Hi, I am trying to solve a time forecasting problem using LSTM in Matlab. The questions still remain after going through
(Q1) The problem I am facing is in the data preparation stage. Specifically, I have 5000 samples of time responses of the same response quantity and the number of time steps is 1001. I want to train 90% data (5000 x 901) and keep 10% for the prediction (5000 x 100). At present, I am storing the complete data as a matrix:
data is [5000 x 1001]
dataTrain = data(:,901);
dataTest = data(:,901:end);
Then, standardizing the data
XTrain = dataTrainStandardized(:,1:end-1);
YTrain = dataTrainStandardized(:,2:end);
XTest = dataTestStandardized(:,1:end-1);
Now, what should be the LSTM network architecture as per my data set and problem definition?
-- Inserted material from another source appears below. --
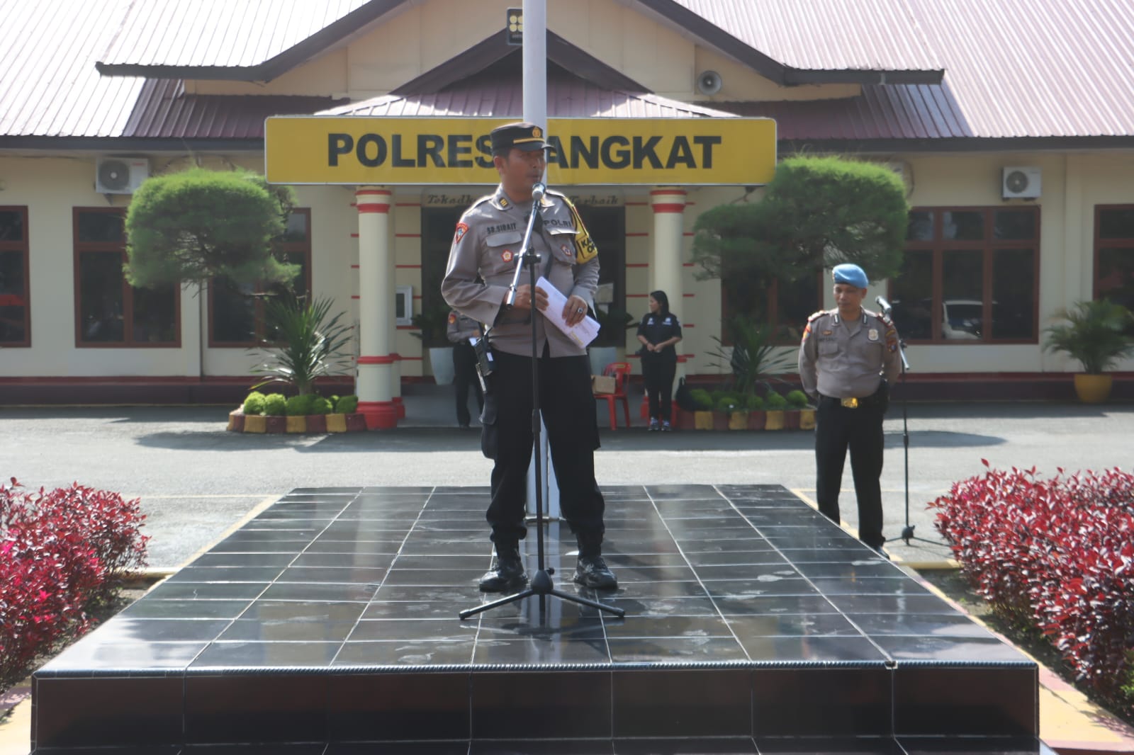 Apel personil Operasi Matap Brata 2023-2024 amankan tahapan kampanye pemilu 2024 dijajaran wilkum Polres Langkat Polda Sumatera Utara dilaksanakan di lapangana Jananuraga pada hari Sabtu (27/01/2024) pukul 10.30 wib.

numFeatures = ? % I guess number of features should be 1 as it is univariate.
numResponses = ? % I guess this should be the number of training time steps (=901)
However, this gives an error “The training sequences are of feature dimension 5000 but the input layer expects sequences of feature dimension 1.” So, should I store the dataset in a cell (each cell representing 1 feature) and inside the cell a matrix of dimension (no of samples x no of time steps)?
numHiddenUnits = 100;
layers = [ ...
(Q2) What does the 'MiniBatchSize' do? Does it divide the time steps (columns) into smaller batches or the number of samples (rows) into smaller batches?
(Q3) The last question is related to the ‘predictAndUpdateState’. Is the following formatting okay?
net = predictAndUpdateState(net,XTrain);
[net,YPred] = predictAndUpdateState(net,YTrain(:,end));
numTimeStepsTest = size(XTest,2); %numel(XTest);
for i = 2:numTimeStepsTest
[net,YPred(:,i)] = predictAndUpdateState(net,YPred(:,i-1),...
This question is somewhat related to Q1.